Collected data entries |
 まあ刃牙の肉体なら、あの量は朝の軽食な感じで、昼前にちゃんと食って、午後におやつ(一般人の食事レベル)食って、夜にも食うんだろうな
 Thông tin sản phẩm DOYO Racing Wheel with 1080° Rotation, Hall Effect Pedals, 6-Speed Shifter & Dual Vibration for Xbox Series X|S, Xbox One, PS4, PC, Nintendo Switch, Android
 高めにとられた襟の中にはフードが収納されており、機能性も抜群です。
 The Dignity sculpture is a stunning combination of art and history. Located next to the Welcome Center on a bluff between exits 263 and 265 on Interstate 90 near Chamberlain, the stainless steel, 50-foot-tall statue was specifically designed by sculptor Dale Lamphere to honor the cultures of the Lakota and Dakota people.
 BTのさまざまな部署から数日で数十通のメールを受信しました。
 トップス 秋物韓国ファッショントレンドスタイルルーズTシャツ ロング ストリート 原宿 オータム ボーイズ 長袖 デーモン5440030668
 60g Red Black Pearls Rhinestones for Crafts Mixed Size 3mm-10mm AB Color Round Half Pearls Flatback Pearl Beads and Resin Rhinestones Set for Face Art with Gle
--
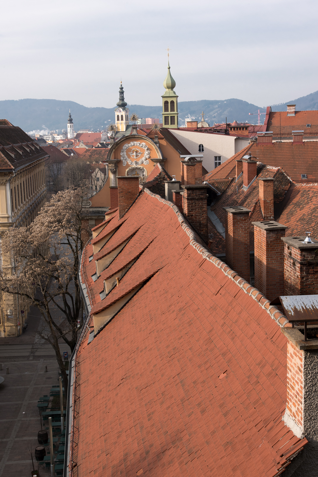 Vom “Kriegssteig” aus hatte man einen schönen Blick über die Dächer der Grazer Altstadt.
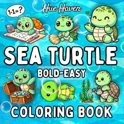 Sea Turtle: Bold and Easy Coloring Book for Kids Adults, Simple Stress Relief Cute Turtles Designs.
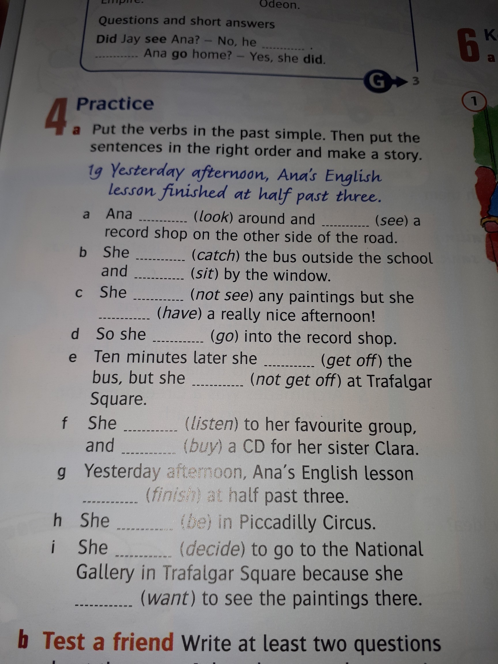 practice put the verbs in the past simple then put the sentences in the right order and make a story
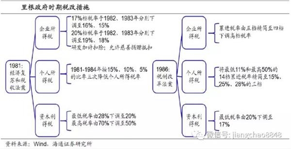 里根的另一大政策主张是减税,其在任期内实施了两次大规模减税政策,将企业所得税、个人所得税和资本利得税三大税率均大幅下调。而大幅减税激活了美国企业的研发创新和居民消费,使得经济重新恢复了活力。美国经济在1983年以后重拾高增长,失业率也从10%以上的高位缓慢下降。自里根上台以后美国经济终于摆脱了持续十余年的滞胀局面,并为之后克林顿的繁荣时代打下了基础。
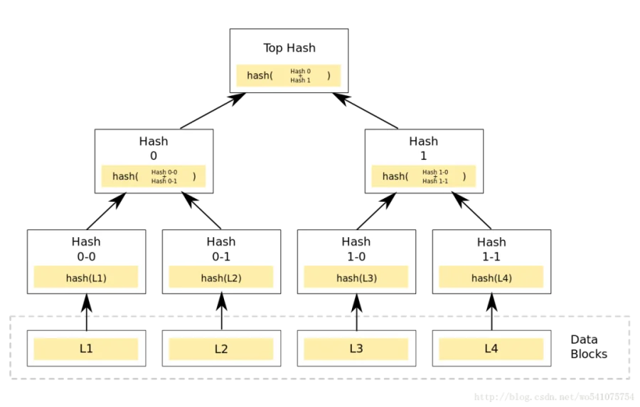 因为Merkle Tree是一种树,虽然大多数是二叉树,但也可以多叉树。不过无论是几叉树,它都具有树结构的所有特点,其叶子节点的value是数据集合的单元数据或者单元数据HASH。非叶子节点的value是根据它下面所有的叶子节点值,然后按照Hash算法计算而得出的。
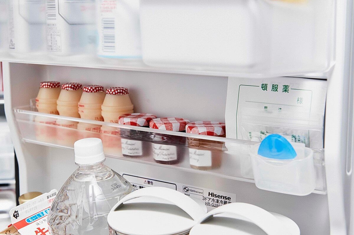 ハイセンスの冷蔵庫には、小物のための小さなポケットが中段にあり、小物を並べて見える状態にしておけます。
* * *
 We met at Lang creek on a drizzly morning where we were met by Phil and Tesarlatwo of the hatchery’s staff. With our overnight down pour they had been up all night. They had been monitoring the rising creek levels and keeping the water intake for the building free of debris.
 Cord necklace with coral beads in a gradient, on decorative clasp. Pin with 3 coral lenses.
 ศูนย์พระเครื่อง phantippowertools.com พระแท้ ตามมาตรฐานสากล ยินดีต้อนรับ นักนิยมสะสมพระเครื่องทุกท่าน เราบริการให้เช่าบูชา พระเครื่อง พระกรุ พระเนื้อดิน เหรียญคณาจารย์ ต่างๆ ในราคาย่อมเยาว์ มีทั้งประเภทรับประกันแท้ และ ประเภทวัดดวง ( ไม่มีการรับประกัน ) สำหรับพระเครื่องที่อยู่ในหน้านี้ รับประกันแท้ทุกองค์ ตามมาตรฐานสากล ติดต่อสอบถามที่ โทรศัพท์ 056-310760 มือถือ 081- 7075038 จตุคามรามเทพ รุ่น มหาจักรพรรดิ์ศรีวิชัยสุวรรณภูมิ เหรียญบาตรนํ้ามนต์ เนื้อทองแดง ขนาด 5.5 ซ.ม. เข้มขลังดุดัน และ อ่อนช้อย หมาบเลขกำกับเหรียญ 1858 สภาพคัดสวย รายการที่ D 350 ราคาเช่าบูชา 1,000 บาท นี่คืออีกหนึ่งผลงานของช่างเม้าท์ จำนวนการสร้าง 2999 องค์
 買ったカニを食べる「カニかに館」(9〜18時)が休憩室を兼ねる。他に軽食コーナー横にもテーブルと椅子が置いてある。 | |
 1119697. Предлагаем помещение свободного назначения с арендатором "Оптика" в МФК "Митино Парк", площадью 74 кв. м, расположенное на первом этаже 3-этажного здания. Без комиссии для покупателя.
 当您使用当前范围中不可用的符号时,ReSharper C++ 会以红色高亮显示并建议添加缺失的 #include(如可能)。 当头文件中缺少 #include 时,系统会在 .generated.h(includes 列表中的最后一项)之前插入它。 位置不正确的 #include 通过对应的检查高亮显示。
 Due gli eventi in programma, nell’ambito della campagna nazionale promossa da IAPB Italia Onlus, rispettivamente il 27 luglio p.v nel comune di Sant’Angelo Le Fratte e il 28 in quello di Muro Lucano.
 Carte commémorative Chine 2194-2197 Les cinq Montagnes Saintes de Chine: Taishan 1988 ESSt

EXERCISE AIM | Could you output exactly the lines above, from the line with "Sea Turtle: Bold" up to and including the line with "ハイセンスの冷蔵庫には、小物", and nothing else, skipping the pictures?

SOLVED EXERCISE |
 Sea Turtle: Bold and Easy Coloring Book for Kids Adults, Simple Stress Relief Cute Turtles Designs.
 practice put the verbs in the past simple then put the sentences in the right order and make a story
 里根的另一大政策主张是减税,其在任期内实施了两次大规模减税政策,将企业所得税、个人所得税和资本利得税三大税率均大幅下调。而大幅减税激活了美国企业的研发创新和居民消费,使得经济重新恢复了活力。美国经济在1983年以后重拾高增长,失业率也从10%以上的高位缓慢下降。自里根上台以后美国经济终于摆脱了持续十余年的滞胀局面,并为之后克林顿的繁荣时代打下了基础。
 因为Merkle Tree是一种树,虽然大多数是二叉树,但也可以多叉树。不过无论是几叉树,它都具有树结构的所有特点,其叶子节点的value是数据集合的单元数据或者单元数据HASH。非叶子节点的value是根据它下面所有的叶子节点值,然后按照Hash算法计算而得出的。
 ハイセンスの冷蔵庫には、小物のための小さなポケットが中段にあり、小物を並べて見える状態にしておけます。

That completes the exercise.